1956 EMI, which holds rights for all RCA artists outside of North and South America, releases Elvis Presley's first single in Europe, "Heartbreak Hotel", on its HMV Pop label.
1958 Signs Cliff Richard and releases his first single, "Move It".1962 Signs The Beatles (below), releases their first single, "Love Me Do".
1964 A combination of eight EMI artists holds the No 1 position in the UK charts for 41 of 52 weeks.
1972 Signs Queen.
1973 Releases Pink Floyd's Dark Side of the Moon.
1977 Signs the Sex Pistols.
1980 Signs Duran Duran.1990 Buys 50 per cent of Chrysalis Records, acquiring the remaining stake 12 months later. Over the next decade the label would also sign Blur (right), Radiohead, Robbie Williams (right) and Coldplay.

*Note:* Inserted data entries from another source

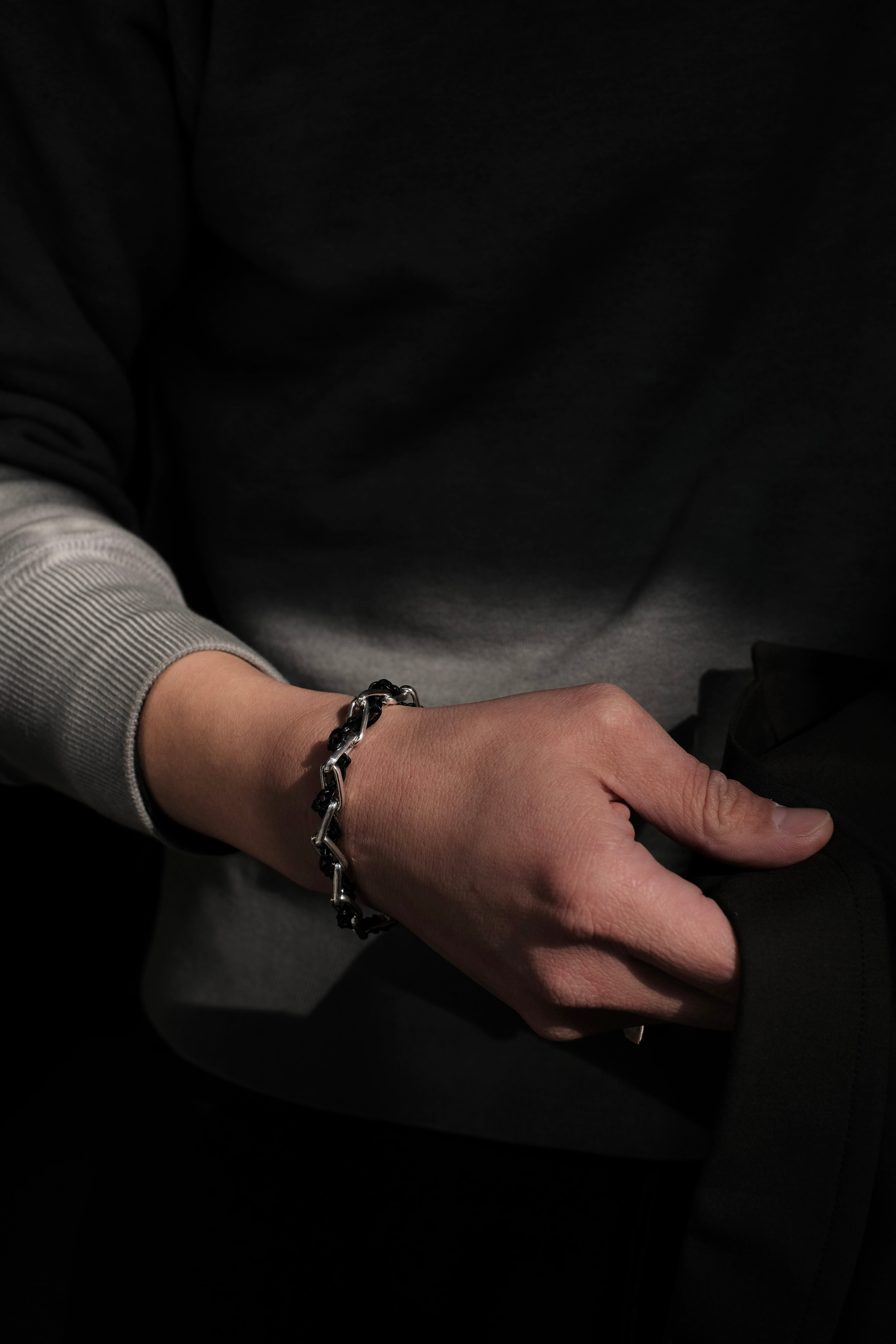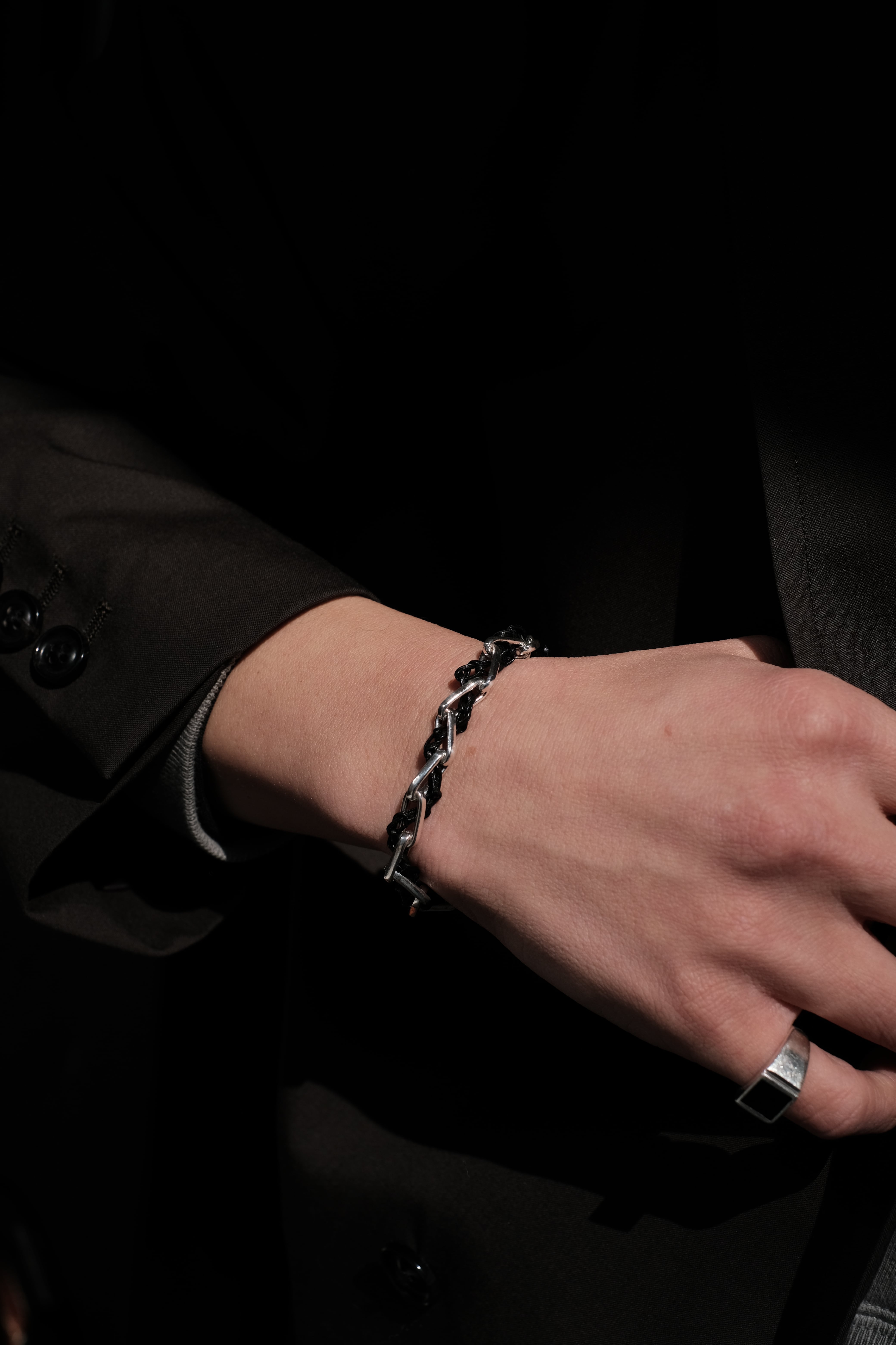 CLASSICHAINにレザーコードをオリジナルの編み方で編み込んでいます。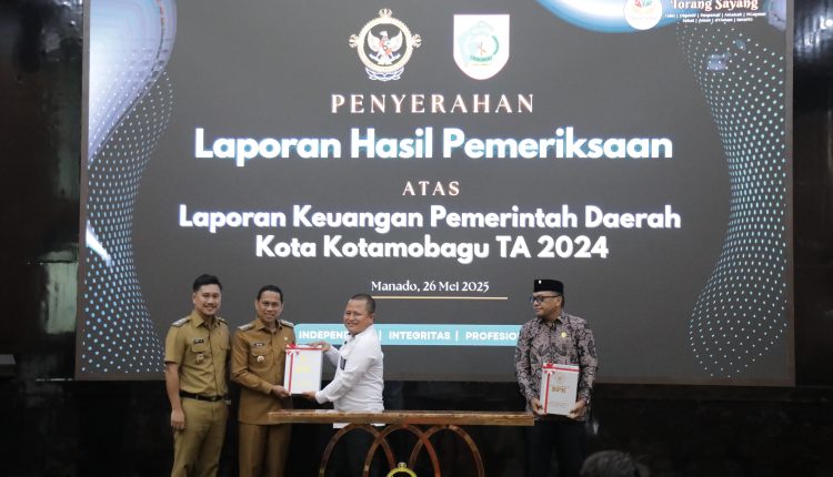 KOTAMOBAGU – Pemerintah Kota Kotamobagu dibawah Kepemimpinan Wali Kota dr Weny Gaib dan Wakil Wali Kota Rendy V Mangkat meraih Opini WTP dari BPK RI Perwakilan Provinsi Sulawesi Utara, Senin 26 Mei 2025, di di Kantor BPK RI Jalan 17 Agustus, Manado.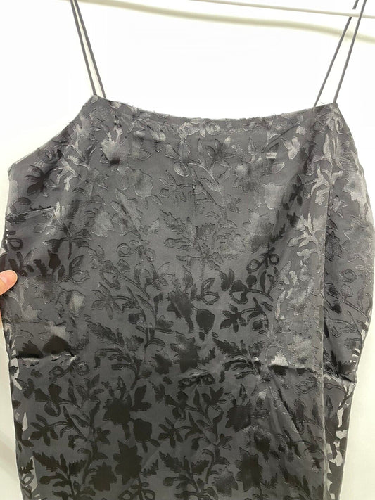 Club Monaco Womens M Black Burnout Cami Tank Top Sleeveless Blouse Silk Floral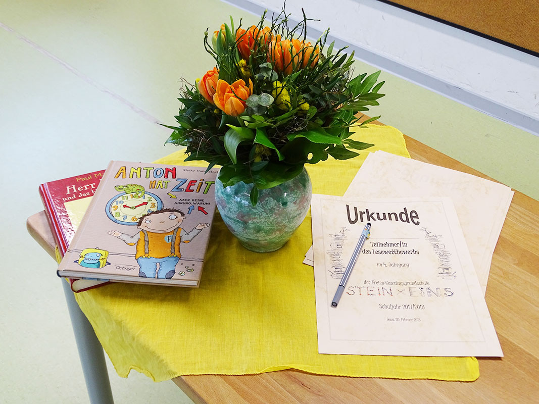 Am Standort Lobeda trugen sechs Schüler_innen (zwei waren leider erkrankt) selbst gewählte Texte vor und lasen dann im 2. Durchgang nacheinander einen unbekannten Text. Im Paradies versuchten acht Lesetalente die Jury von sich zu überzeugen. Alle Kinder hatten sich super auf diesen Wettbewerb vorbereitet, erzählten begeistert von ihrer eigenen Buchauswahl und haben auch die unbekannten Texte sehr gut gemeistert. Da fiel die Entscheidung an beiden Standorten nicht leicht. Vor dem Mittag standen die glücklichen Siegerinnen fest: Ida ist die beste Leserin im 4. Jahrgang und Eleni darf für den 3. Jahrgang beim städtischen Vorlesewettbewerb an den Start gehen. Und beide sind in der Stammgruppe der Achate! Ihre Mitschüler_innen sind dementsprechend stolz :)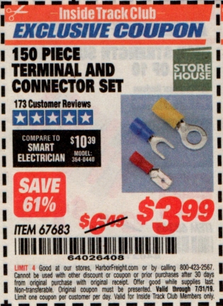 ITC 150 PIECE TERMINAL AND CONNECTOR SET Lot No. 67683 Expired: 7/31/19 - $3.99 Coupon Code: '64026408'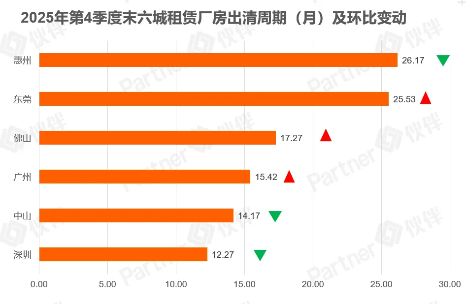 东莞、佛山、广州出清周期环比上涨,惠州、中山、深圳出清周期环比下降。
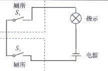 只有当两个厕所的门都关上时,车厢指示灯才会发光,说明两个门(开关)同时控制电路,只有都关闭才会形成闭合的回路.因此两门(开关)应串联.

2002 EMI gives Williams a record £80m, four-album contract.
2005 Coldplay's X&Y is the year's best-selling album, shifting 9 million copies worldwide.
2007 Sir Paul McCartney leaves the label. Later in the year Guy Hands's private equity firm, Terra Firma, acquires the company for £4.2bn. Radiohead announce that they, too, are to leave EMI. Hands has plans to reduce workforce by 1,500 to 2,000, and cut costs by £200m a year.
2008 Tony Wadsworth, UK chief executive, leaves company after 25 years. Coldplay's Viva La Vida is year's best-selling album, selling 7 million copies worldwide. Joss Stone announces that she wants to leave the label, citing the breakdown in her relationship with the company after Terra Firma's takeover.
2009 The Beatles' remastered back catalogue sells 10 million copies in four months.
2010 In February the company announces pre-tax losses of £1.75bn for the year to March 2009. Hands appoints former ITV chief executive Charles Allen to run the music arm of the company. KPMG issues a 'going concern' warning on holding company's accounts. 1, the Beatles' compilation, is named the best-selling album of the decade in the US, but in August the company announces pre-tax losses of £624m for the year to the end of March 2010. Initial sales figures for the much-hyped new album from Katy Perry released earlier this month prove disappointing.